* Assignment:
Beginning with the line that holds "Jejakkasus News |" and finishing with the line that holds "Van börek tot", repeat the listing exactly, leaving every picture out.

* Source data:
※ ※ ※

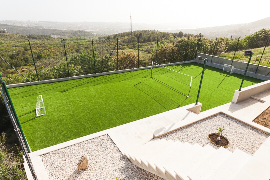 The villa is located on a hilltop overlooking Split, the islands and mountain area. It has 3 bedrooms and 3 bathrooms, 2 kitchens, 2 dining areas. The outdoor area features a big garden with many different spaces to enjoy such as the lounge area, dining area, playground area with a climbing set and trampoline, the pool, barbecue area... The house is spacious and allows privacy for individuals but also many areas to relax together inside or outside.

※ ※ ※

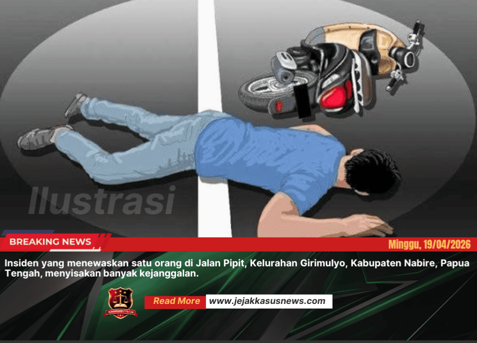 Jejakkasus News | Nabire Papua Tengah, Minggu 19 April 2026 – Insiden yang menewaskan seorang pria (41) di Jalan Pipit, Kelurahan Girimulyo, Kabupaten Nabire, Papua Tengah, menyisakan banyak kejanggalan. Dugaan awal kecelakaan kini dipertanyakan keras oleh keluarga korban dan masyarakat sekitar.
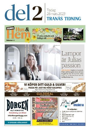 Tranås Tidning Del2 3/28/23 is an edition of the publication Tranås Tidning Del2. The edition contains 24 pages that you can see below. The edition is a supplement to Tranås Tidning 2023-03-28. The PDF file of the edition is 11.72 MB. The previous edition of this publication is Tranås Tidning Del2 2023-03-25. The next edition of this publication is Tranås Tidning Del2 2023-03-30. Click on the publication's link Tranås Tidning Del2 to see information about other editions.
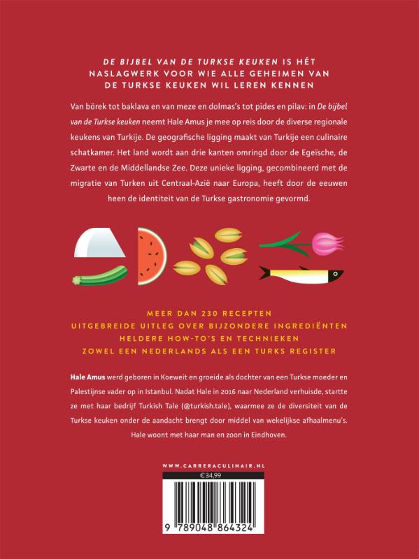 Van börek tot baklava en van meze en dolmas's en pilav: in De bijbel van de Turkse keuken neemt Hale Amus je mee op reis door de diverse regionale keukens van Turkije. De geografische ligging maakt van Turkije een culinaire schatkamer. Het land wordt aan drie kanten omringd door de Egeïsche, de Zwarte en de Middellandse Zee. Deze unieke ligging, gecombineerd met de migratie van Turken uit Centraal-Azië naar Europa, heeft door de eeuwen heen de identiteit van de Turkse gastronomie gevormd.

※ ※ ※

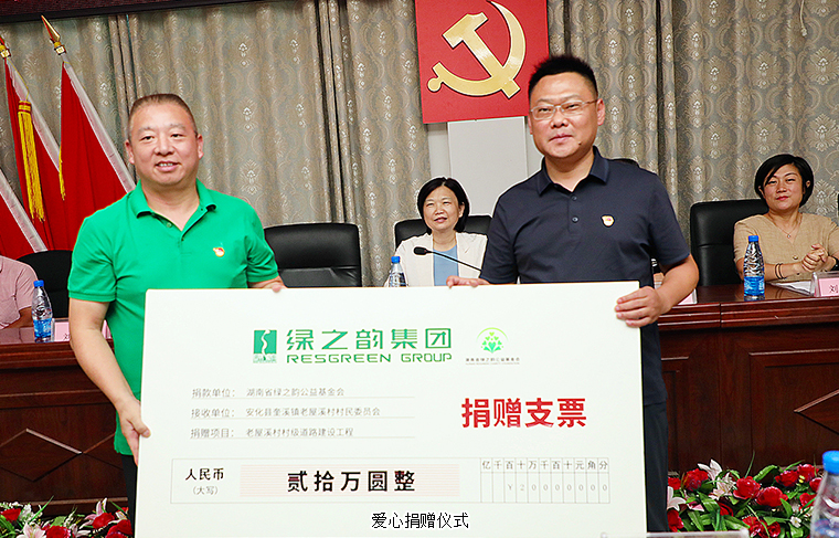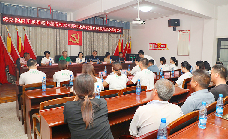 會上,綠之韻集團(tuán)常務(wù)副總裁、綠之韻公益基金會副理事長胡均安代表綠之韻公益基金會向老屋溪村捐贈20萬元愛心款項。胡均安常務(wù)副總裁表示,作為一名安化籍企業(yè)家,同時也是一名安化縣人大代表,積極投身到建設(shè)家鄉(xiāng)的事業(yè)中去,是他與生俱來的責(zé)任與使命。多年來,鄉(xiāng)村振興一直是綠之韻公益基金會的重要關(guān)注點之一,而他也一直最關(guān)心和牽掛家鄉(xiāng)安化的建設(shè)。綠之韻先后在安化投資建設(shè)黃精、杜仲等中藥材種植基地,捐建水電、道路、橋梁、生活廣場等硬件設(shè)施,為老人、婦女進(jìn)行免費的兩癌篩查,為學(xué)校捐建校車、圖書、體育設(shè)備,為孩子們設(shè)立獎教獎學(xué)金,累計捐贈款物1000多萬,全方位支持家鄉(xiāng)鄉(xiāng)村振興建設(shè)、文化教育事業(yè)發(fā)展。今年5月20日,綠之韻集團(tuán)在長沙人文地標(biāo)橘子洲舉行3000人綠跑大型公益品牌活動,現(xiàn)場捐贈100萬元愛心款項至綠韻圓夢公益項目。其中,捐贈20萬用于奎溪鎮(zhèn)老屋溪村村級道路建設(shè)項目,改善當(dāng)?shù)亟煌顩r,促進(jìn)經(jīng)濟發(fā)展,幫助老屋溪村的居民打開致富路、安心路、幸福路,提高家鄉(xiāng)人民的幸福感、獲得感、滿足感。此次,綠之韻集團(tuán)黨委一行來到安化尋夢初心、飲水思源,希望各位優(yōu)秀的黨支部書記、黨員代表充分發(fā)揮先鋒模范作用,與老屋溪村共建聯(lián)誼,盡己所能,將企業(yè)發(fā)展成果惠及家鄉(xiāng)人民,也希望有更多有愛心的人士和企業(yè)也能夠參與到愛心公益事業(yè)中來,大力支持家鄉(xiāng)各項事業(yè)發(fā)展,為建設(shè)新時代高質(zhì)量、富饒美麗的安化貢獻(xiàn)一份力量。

※ ※ ※

* Result:
 Jejakkasus News | Nabire Papua Tengah, Minggu 19 April 2026 – Insiden yang menewaskan seorang pria (41) di Jalan Pipit, Kelurahan Girimulyo, Kabupaten Nabire, Papua Tengah, menyisakan banyak kejanggalan. Dugaan awal kecelakaan kini dipertanyakan keras oleh keluarga korban dan masyarakat sekitar.
 Tranås Tidning Del2 3/28/23 is an edition of the publication Tranås Tidning Del2. The edition contains 24 pages that you can see below. The edition is a supplement to Tranås Tidning 2023-03-28. The PDF file of the edition is 11.72 MB. The previous edition of this publication is Tranås Tidning Del2 2023-03-25. The next edition of this publication is Tranås Tidning Del2 2023-03-30. Click on the publication's link Tranås Tidning Del2 to see information about other editions.
 Van börek tot baklava en van meze en dolmas's en pilav: in De bijbel van de Turkse keuken neemt Hale Amus je mee op reis door de diverse regionale keukens van Turkije. De geografische ligging maakt van Turkije een culinaire schatkamer. Het land wordt aan drie kanten omringd door de Egeïsche, de Zwarte en de Middellandse Zee. Deze unieke ligging, gecombineerd met de migratie van Turken uit Centraal-Azië naar Europa, heeft door de eeuwen heen de identiteit van de Turkse gastronomie gevormd.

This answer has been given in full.